When I arrived at Cortland, there was a gallery of outdate faculty photos by the English department office. Among them was a picture of Shakespeare, listed as emeritus. The pictures are gone now, as our many of those pictured in them. Like many departments, we are in the midst of a rash of retirements, with two last year and two this year, and several more likely over the next few years.

In any case, our Shakespearean is in his last semester now. Our chair requested permission to open a search to replace him and, quite cheekily, gave as her rationale for the necessity of his replace, “We’re an English department.” Apparently this was not sufficient justification.

Why do we need a Shakespearean? Well, we require some of our students to take our Shakespeare course, so we usually need to offer it every year. However, the dean asked, quite logically, if anyone else could teach that course. And there are at least two faculty members who can teach it. Now you could argue that the department needs a faculty member who is active in research in Shakespeare, but we haven’t had that while I’ve been here. Furthermore, given the heavy teaching load here, we have faculty in many areas who aren’t active scholars. In other words, that’s not an argument that really flies here.

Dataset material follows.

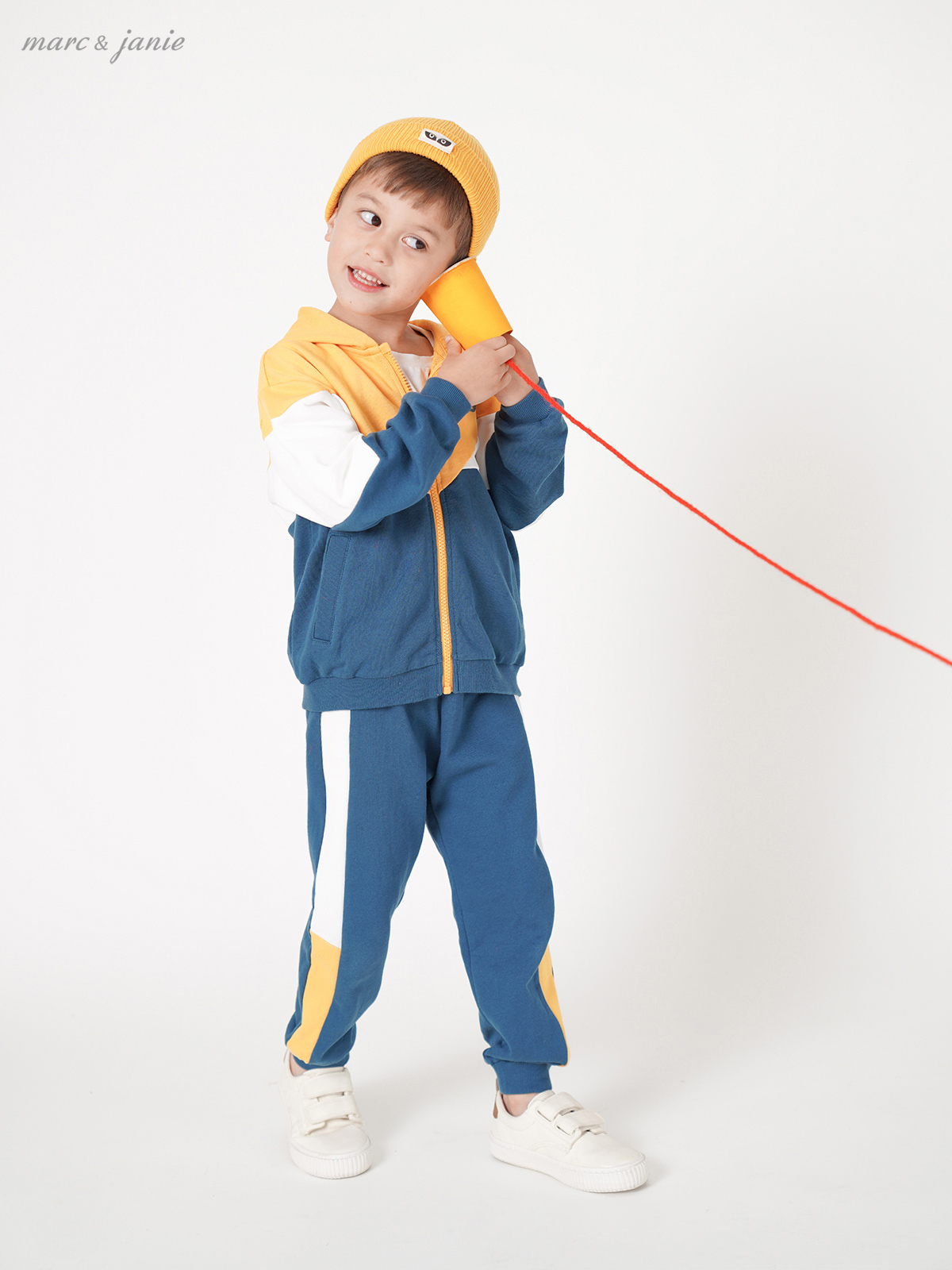Marcjanie Mark Jenny Autumn Boys Hit Color Hooded Sports Suit Children's Suit 213285

The truth is that the need for a Shakesperean is grounded in a particular sense of disciplinary identity, one that I don’t really share as it not simply marginalizes my work but can, at times, be actively hostile toward it. The fact of the matter is that if I can be asked to teach rhetoric, poetics, creative writing, new media design, intro to literature, and computer pedagogy, then I don’t see why we need to have one faculty member for nearly every *&(^&! century of British literature. On a faculty of 17, we have 6 British lit faculty, 7 if you include Irish lit. These 7 faculty taught 14 British Lit courses in the last year; that was 11 different sections, not including the fact that several of them were undergrad and grad versions of the same course (and if you ask the students, they’ll tell you they read exactly the same books in both and sometimes get the exact same syllabus). On the other hand, 3 professional writing faculty offered 12 writing sections and 12 different courses.

Now I’m not saying that we necessarily need another PWR faculty member, but I’m not sure how you can say we need a Shakespearean either. What we need is a sense of the future and how we can hire faculty to meet that vision.